The saga of the bathtub, a horror story in four parts
When our house was built sometime around 1909, they outfitted it with the latest appliances; gas and electric power to all of the lights, a coalburning stove in the attic, hot water heat, a two car garage, and many other modern conveniences that have since been lost to the terrors of home renovation by people who, like me, are just handy enough to be dangerous but who aren't actually handy enough to be able to make a living from doing renovations. One of the renovations (over the course of many years) was our bathtub, which went from a pretty standard tub with a pair of faucets for hot and cold water, and a fancy waste trap/plug arrangement, to a somewhat more cobbled-together arrangement with separate bathtub faucets (yes, those are sink faucets, you're not imagining things) and a bizarre and not totally functional shower/sprayer head arrangement (with separate valves to turn off the shower and the sprayer).
The house went through purgatory as Reed student housing for quite a few years, so the landlords spared every possible expense maintaining it. Thus, the sink faucets for the tub, and the new, and not quite centered, shower arrangement.
When we moved in, almost every valve on the bathtub leaked. I fixed most of them, and we managed to successfull ignore the jury-rigged arrangement of the rest of the tub for several years. We had to call a plumber once, because one of the patched-in new bits of plumbing exploded one day and we woke up to find a vast puddle of water on the dining room floor.
Before we called the plumber in, we looked briefly behind the tub and saw that the floor was pretty much disintegrated back there (from decades of leaks, maintained as only student housing can be maintained), but after the plumber left we successfully wiped that knowledge from our memory.
Fast forward to last week. I'd been sick for the whole week (yet another cold, yet more days home from work, the whole nine yards of creative despair [try hacking syslinux when you're feeling sickly, and you can guess how I felt last week when I was trying to hack syslinux]), and I finally began to feel a little bit better on Saturday morning. So I went into the bathroom and disassembled one of the shower faucets so I could repack the (surprise!) leaky valve mechanism, and when I reassembled it, the valve stem shattered (and we had to hire, on short notice, a handyman to do emergency repairs.)
When he was done and we turned the hot water back on, the hot water bath faucet started to run and couldn't be shut off. It turns out that that thing had decided to disintegrate in solidarity with the shower valve. The handyman immediately patched it up (by wedging all the parts in and tightening it hard closed), but that meant that the best and I had to go shopping for new faucets.

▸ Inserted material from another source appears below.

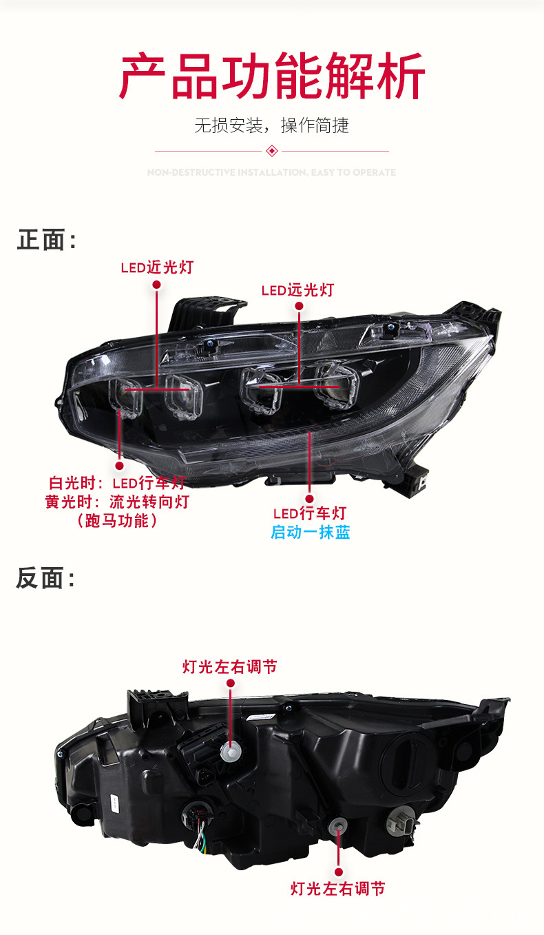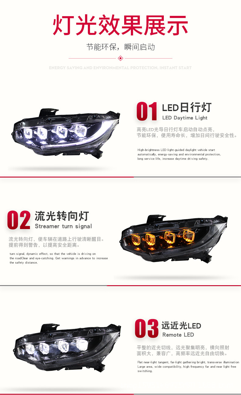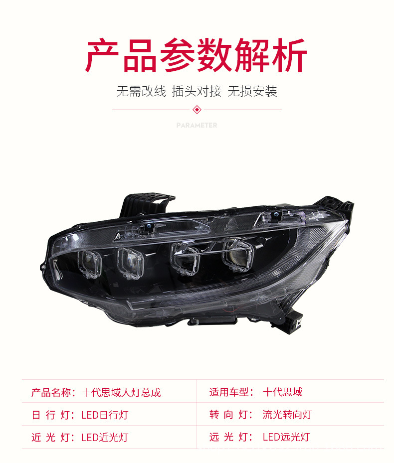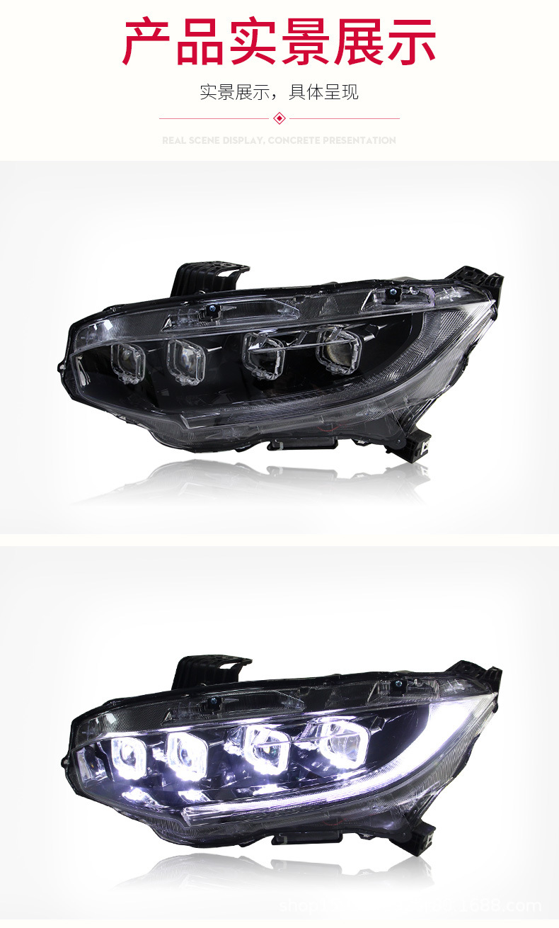 - Precise Fitment: Specifically designed for Honda Civic 10th Generation models, ensuring a perfect, seamless replacement for your original headlight assembly without any modification.

Unfortunately, we'd decided that we wanted to redo the faucet arrangement and make it a bit less brain-damaged. This means that when we went to the plumbing supply houses and asked about combined shower/bath valves and mentioned the magic phrases "old bathtub" "broken plumbing" "period appearance", the people we talked to immediately got dollar signs in their eyes and started talking about "oh, you'll need a new bathtub, so that won't cost more than about $1700, and you'll need a contractor to come in and replumb, and that won't cost more than about $5000, and we can build you a shower/bath valve for around $1000, because the one you have now..." -- and this was said without even seeing the plumbing -- "... doesn't meet code and will have to be removed because it doesn't have <foo>" (where foo is valves, pressure triggers, or any of a dozen other things, none of which our bathtub has, and none of which triggered a "this isn't code" warning when we bought the house. And all of these foo are, by some wonderful coincidence, too hard for mere mortals to install)
Three plumbing supply houses later, we finally got a replacement faucet. At this store we didn't bother to mention anything that included the magic word "renovation", so the replacement faucet cost $4.50 instead of the $250 that the other plumbing supply stores assured us was the cheapest you could get even the simplest faucet for.
But, this faucet wouldn't do us much good unless we installed it in the bathtub. Previous plumbing jobs had familiarised me with the plumbing technique that the landlords used -- don't use gaskets or locking nuts, do use lots and lots of filler putty and bolt things down so hard that it takes a major effort to unscrew things. This was no exception. And it was tucked under the back edge of the bathtub, in a place you can't reach without some pretty elaborate gyrations:
Looks easy, doesn't it? And just look carefully at how the pipes are just sort of tossed in there to make up for any sort of plumbing skill. It took me approximately a hour to unscrew the old (broken) faucet and screw in the new (working, so far, and there's no torrent of water down onto the first floor yet) one.
So we've now got the hot water valves fixed on the tub, and "fixed" on the shower. But the shower still leaks, so we have to replace the plumbing with a more coherent system, because the floor back there is still a complete and absolute disaster area:
It's the joy of home ownership. We're rich enough we can hire someone else to do the work, but I'd rather save the money and do the work myself. I can see why people like to have someone build them a house; an old house like ours is a neverending supply of unhappy structural surprises, all of which need to be fixed unless we wish to wake up one morning in a large pile of rubble.